1880 waltz by Johann Strauss II

"Rosen aus dem Süden" ("Roses from the South"), Op. 388, is a waltz medley composed by Johann Strauss II in 1880 with its themes drawn from the operetta Das Spitzentuch der Königin (The Queen's Lace Handkerchief). Strauss dedicated the waltz to King Umberto I of Italy.

==First performance==
The waltz was first performed at the regular Sunday concerts of the Strauss Orchestra conducted by Eduard Strauss on 7 November 1880 at the Musikverein in Vienna. Its themes drawn from the operetta are the act 1 "Trüffel-Couplet" and the act 2 romance "Wo die wilde Rose erblüht" ("Where the Wild Rose Blossoms"). The act 2 romance inspired the title of the waltz.

== Instrumentation ==
The waltz is scored for an orchestra of 2 flutes (2nd doubling piccolo), 2 oboes, 2 clarinets in C, 2 bassoons, 4 French horns in F, 2 trumpets in F, 3 trombones, timpani, snare drum, triangle, bass drum, cymbals, harp, and strings.

==Description==
The waltz ranks among the "Waltz Kings most notable works and is still regularly performed today at the Vienna Philharmonic's New Year's Concert. The general mood of the piece is rather pensive but the final moments of the piece are utter joy and sparkling with Strauss happier tunes. Waltz section 1 is in F major and is graceful but pensive in mood. Waltz 2A is also in a more reflective mood but waltz 2B is more uplifting. The entire waltz 3 section is in G major while waltz section 4 is in E-flat major and has the climax with cymbals. A restless-sounding coda in E-flat is soon replaced with a reprise of the waltz 3A. Waltz 1A has a brief show at the end before the waltz 4B is introduced, this time in the home key of F major. A series of descending chords marks the end of the waltz, underlined with a drum roll and final flourish.

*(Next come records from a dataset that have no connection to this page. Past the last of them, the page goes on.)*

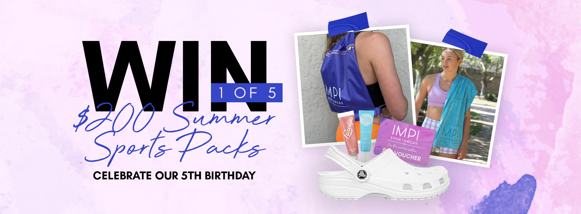 The five winner prize pack includes 1x IIMPI Gift Voucher $75 . 1x IMPI Active Towel $14.9, 1x IMPI Spike Bag, x1 Bondi Sands Sunscreen. 1 Lanolip and x1 Crocs
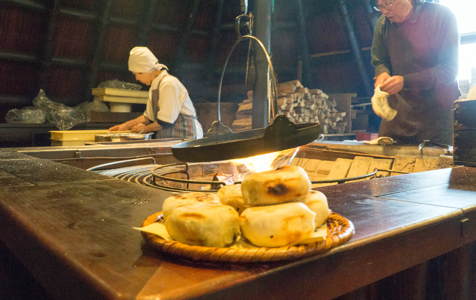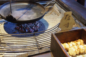 おやき村では、囲炉裏いろり端で地元のおばあちゃん・おじちゃんたちがおやきを焼くのを見せてもらい、その場でいただくか持ち帰れます。食堂で打ち立ての蕎麦と共に食べることもできます。囲炉裏端でのおやき作り体験もできます。
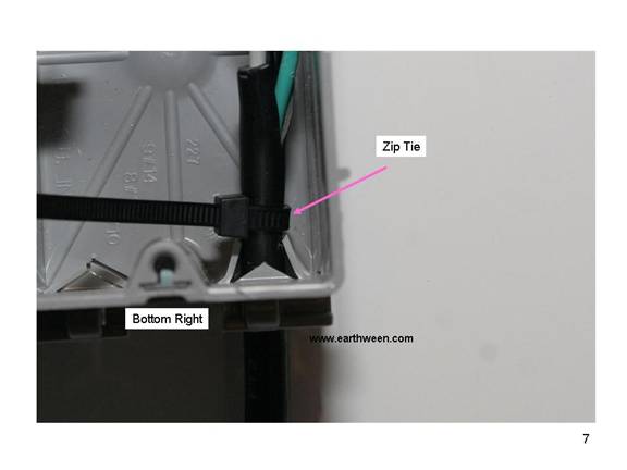 Securing the zip (Figure 7) tie will help prevent the power cord of getting pulled out of the outlet box. Cut the zip tie as need to remove the excess tie. Remember, we still need room to install the outlet inside the box.
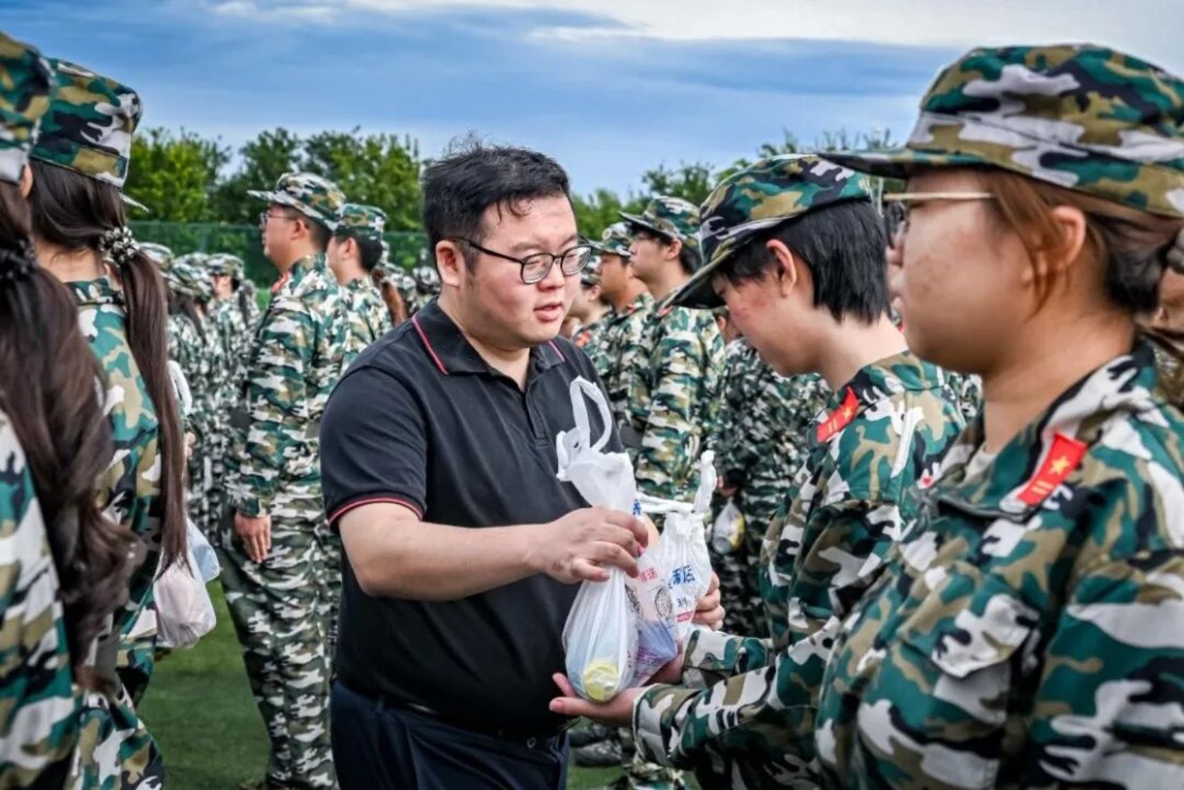 活动最后,学院为新生们准备了丰富的慰问品,包括清凉饮品、面包等,三位老师亲手将慰问品送到学生手中,并关切地询问大家的饮食起居和身体适应状况:"训练强度能不能适应?""晚上休息好吗?"一句句贴心问候,让远离家乡的学子感受到了学院大家庭的温暖。
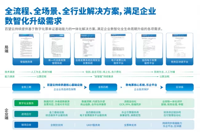 针对企业需要快速上线乐企平台实现数电票应用的需求,百望云与华为联合发布数字化创新解决方案,基于强大的华为云基础设施底座,整合百望云面向企业财税合规的票、财、税、链一体化的企业数字化核心能力,为金融行业客户提供数电乐企一体化产品和服务,在满足数电票的开票、归集、查验、抵扣勾选、退税勾选、代办勾选和入账等需求的同时,亦可贯穿票、财、税、链全流程的自动化,推动企业数字化快速发展。
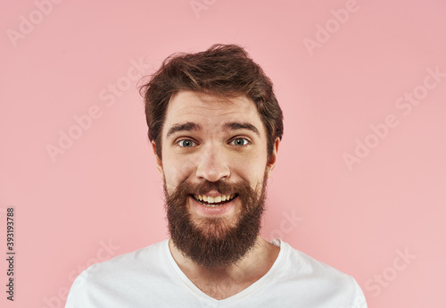 Portrait of a man in a white T-shirt on a pink background close-up model
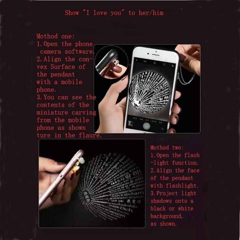 Just illuminating the pendant with light, 100 languages of I love you will be displayed. Great gifts for girlfriend, mom, wife, daughter, best friend, etc. Ideal Birthday Gifts, Anniversary Gifts, Christmas Gifts, Graduation Gifts, Mother's Day Gifts, Valentine's Day Gifts, etc, or just as a surprise to remind that special one how much you care.

==Schoenberg arrangement==
Arnold Schoenberg arranged this waltz as part of a special concert for his Society for Private Musical Performances in 1921, along with Webern's arrangement of the Schatz-Walzer and Berg's arrangement of Wein, Weib und Gesang.

==In popular culture==
In the Star Trek episode "The Squire of Gothos", Trelane has Nyota Uhura play this waltz.

Michaela and Sully dance to this waltz during the Dr. Quinn, Medicine Woman season 2 episode "Where the Heart Is."

The piece is also used in the Dancing with the Stars video game for the PlayStation 2 and the 1927 film Sunrise: A Song of Two Humans during the carnival sequence.

The waltz appears uncredited in the dance scene in the 2012 film The Dark Knight Rises starring Christian Bale and Michael Caine.

The waltz appears briefly during Lisle Von Rhuman's party scene in the 1992 film Death Becomes Her.

A few bars of the waltz are played by Adam Stanton on a piano in the 1949 film All the King's Men.